Two years later, Papile catches his Division 1 break at Boston University under Rick Pitino. Receiving a not-so-impressive $6,000 as assistant coach, Papile also performed an uncommon substitute role.
“Only did radio here and there. When someone asked me to fill in,” recalls Papile. Filling in as play-by-play man for road contests while an assistant at Boston University from 1979-81, modern coaches hardly relate.
Leaving the CBA’s Maine Lumberjacks for Umana Tech High School, Papile remains the only coach in Boston Public School history culled from the professional ranks. But in 1984, Papile redefined loyalty of the 617 area code when landing a gig out of region at Cleveland State.
“He never came to Cleveland State,” quips Kevin Mackey, Papile’s laissez faire overseer at Cleveland State from 1984-1987. Press tables throughout the now defunct AMCU-8 smiled when announcing Papile’s name for three seasons.
Yet, working away from campus produced more than those chained to an athletic office desk, making recruiting calls, or penning letters until the night janitors clocked in. Call it the perks of working for a friend.
“The only people that appreciated the humor in it were the guys at the scorer’s table. They’d start laughing when they’d announce the assistant coaches,” recalls Mackey.
Recruiting four Hub stars to Cleveland while dodging the winds of Lake Erie, Papile assisted the Vikings’ 1986 upset of Indiana. A feat still considered one of Cinderella’s most impressive showings in NCAA tournament history.
Sticking with BABC in the decade following Cleveland State, an unparalleled 44 players assimilate into D1 programs (1987-1997), a figure topping two hundred today. In 1997, after twenty Julys chauffeuring scholarship hungry ball players from Augusta to Los Angeles, Papile’s career eclipses the odometer reading on his Cadillac.
Old boss Pitino, as new boss of the Boston Celtics, then gives his radio fill-in man a front-office role, appropriately, at the same arena Papile snuck into as a child. Eleven years into an executive role with the NBA’s most successful franchise, Papile wins a world-title ring in 2008 while senior executive director of basketball operations. Fittingly, he aids the hometown green with a noteworthy story making his narrative come full circle.
Leon Powe, a player sans ACL, whose six-year NBA career exudes afterthought outside his first three in Boston, played a crucial role in the Celtics first championship run since 1986.
“I just liked who Powe was as a guy.
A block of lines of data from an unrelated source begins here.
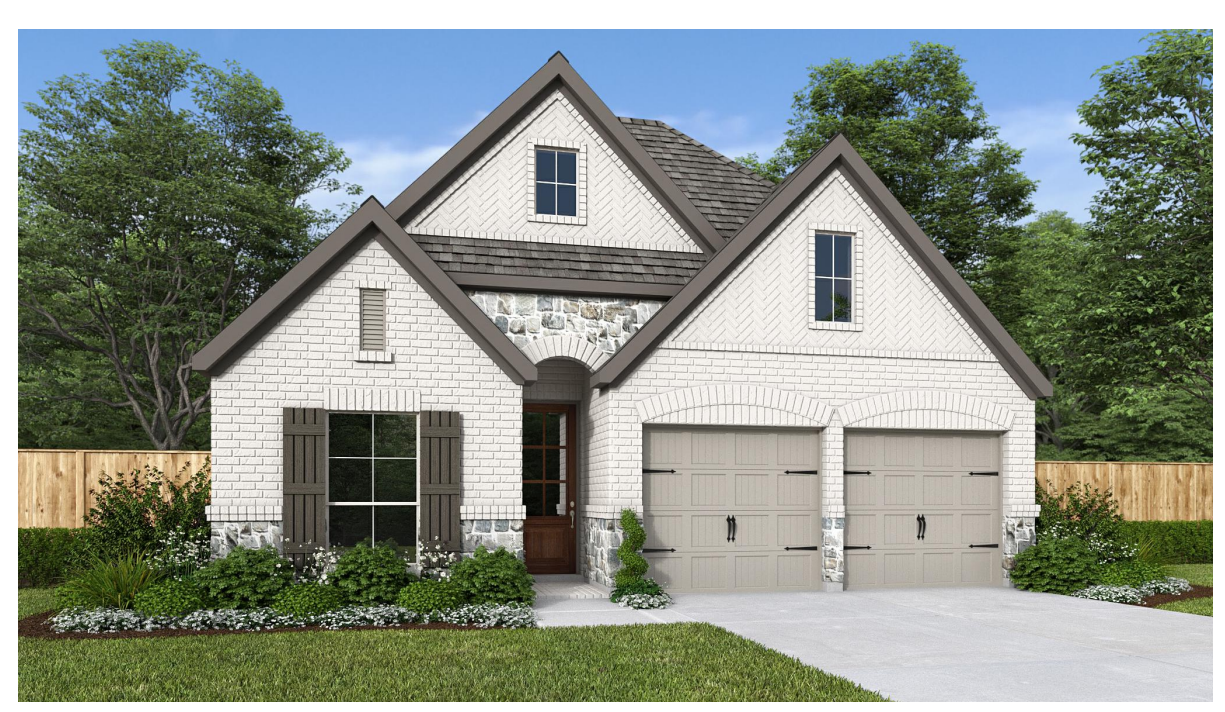
DESIGN 2026W E-50
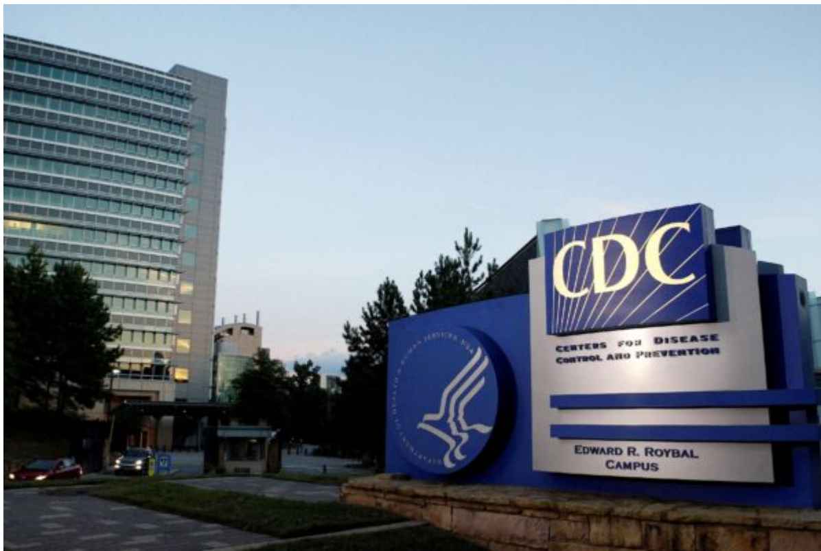
A general view of the Centers for Disease Control and Prevention (CDC) headquarters in Atlanta on Sept. 30, 2014.
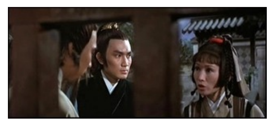
Figure 16: Geometric lattice structure to create apertures in the frame. Clan of Amazons (1978)

Another aspect of these compositions is the way in which they can disrupt the expected angles and perspectives of the shot-countershot editing pattern. While Chor relies mostly on the 180 degree system to construct dialogue scenes between his actors, departures from that convention can surprise the audience, reminding us that we are not in control of what we see, but are subject to the director's artistic whimsy. In these cases, it often seems as if Chor's camera eye lurks on the outside of conversations or action scenes, locating itself behind bushes, beneath chairs (fig.17) or gazing through painted screens (fig.18). The effect that this conveys is one of a peculiar voyeurism, as if the spectator is spying on the goings-on of the swordplay world from some hidden or removed location. This produces a brief rupture in the sense of suture, and a sense of uncertain subjectivity. We might well ask whose point-of-view we are experiencing.
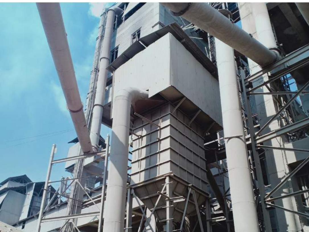
Fig.-1.1 Dust collector & VSK Wet Scrubber System
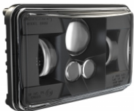
Part Number 0552551 12-24V DOT/ECE LED RHT Low Beam Headlight with Black Bezel
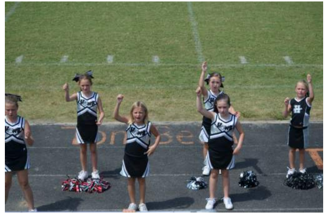
3rd and 4th grade cheerleaders

Double ACL. People thought he was dead,” recalls Papile. On draft night in 2006, when the checkbook holders “left the room,” Papile cut a $400,000 deal with Denver Nuggets GM Mark Warkentein, buying the ailing Leon Powe’s draft rights.
“I just wanted Powe, so I bought the pick from Warkentein,” says Papile.
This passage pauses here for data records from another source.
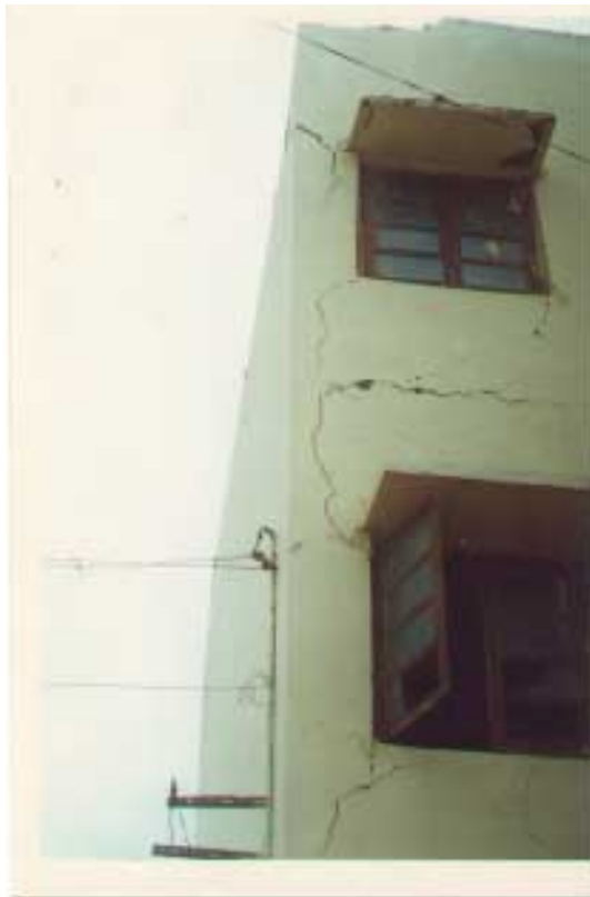
a) ACTUAL CONDITION

It was observed that the buildings without continuous lintel band suffered badly. Separation of walls was observed. Most of the damages are due to the faulty construction practices such as, providing doors and windows near corner without taking proper precaution, providing very large size of opening. Providing foundations to some selected walls only. So, some walls were 100mm thick partition walls, which were unable to provide any resistance during earthquake shaking.
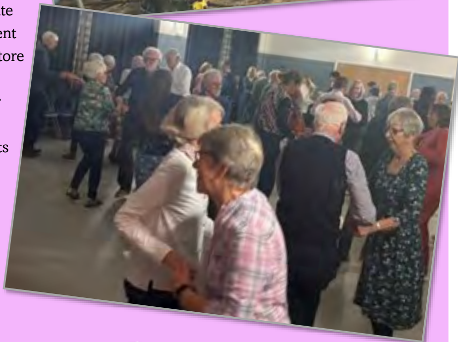
Top: Superb music was supplied by the Malt Whiskers Ceilidh Band.
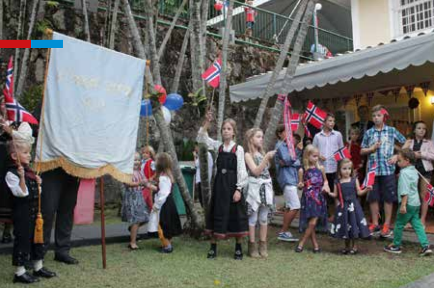
A party in red, white and blue, children in traditional Norwegian costumes, flags and songs marked the Norway Day celebration at the Norwegian Church.
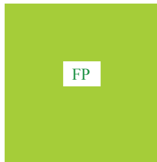
25 X 18

Backing up Kevin Garnett, Kendrick Perkins, and Glen Davis, Leon Powe was no superstar. But his 21 points in just 14 minutes during Game Two of the NBA Finals catalyzed the series momentum and a 17th NBA Championship banner to Boston. At the 2006 NBA Draft, Leo Papile wagered on a “Double ACL,” the ailment permanently sidelining Papile in the mid ’70s when he began coaching and first bet on himself.
Retiring from the NBA three years after winning a world title ring in 2008, Papile collects a pension and swims Miami Beach in the winter. He spends the rest of the year with his fantasy team, the Boston Amateur Basketball Club.
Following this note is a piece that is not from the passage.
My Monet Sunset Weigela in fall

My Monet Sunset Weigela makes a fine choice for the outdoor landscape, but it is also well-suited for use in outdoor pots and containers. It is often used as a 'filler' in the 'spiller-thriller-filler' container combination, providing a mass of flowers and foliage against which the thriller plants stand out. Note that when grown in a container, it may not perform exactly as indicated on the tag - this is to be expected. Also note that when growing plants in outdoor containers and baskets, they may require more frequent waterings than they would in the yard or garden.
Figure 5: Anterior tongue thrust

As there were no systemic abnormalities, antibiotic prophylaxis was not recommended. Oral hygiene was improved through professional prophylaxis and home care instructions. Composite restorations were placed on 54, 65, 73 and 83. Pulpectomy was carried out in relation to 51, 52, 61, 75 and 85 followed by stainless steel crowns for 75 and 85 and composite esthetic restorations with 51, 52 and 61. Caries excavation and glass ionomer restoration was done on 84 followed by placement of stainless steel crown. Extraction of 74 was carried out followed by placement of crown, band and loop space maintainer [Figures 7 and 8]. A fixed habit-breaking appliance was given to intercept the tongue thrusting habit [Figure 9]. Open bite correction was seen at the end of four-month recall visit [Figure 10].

“Technology put guys like me in an NBA hospice bed,” quips Papile. “Liberated from NBA nuclear winter, I now winter at a tropical hide on Key Biscayne.”
When Jack Kerouac, Papile’s hero, wrote down all the tramps he met from Lowell to Los Angeles, gave them names, stories and direction, Papile chased the America Kerouac lived. But he conquered a sports world that Kerouac fantasized.
“For anyone to live the way Leo’s lived his life, survived and been so successful doing what he’s loved, it’s really unbelievable,” recounts Mackey. If finding a pen along the way, Leo Papile becomes basketball’s great poet. He opts instead to live a dreamer’s life.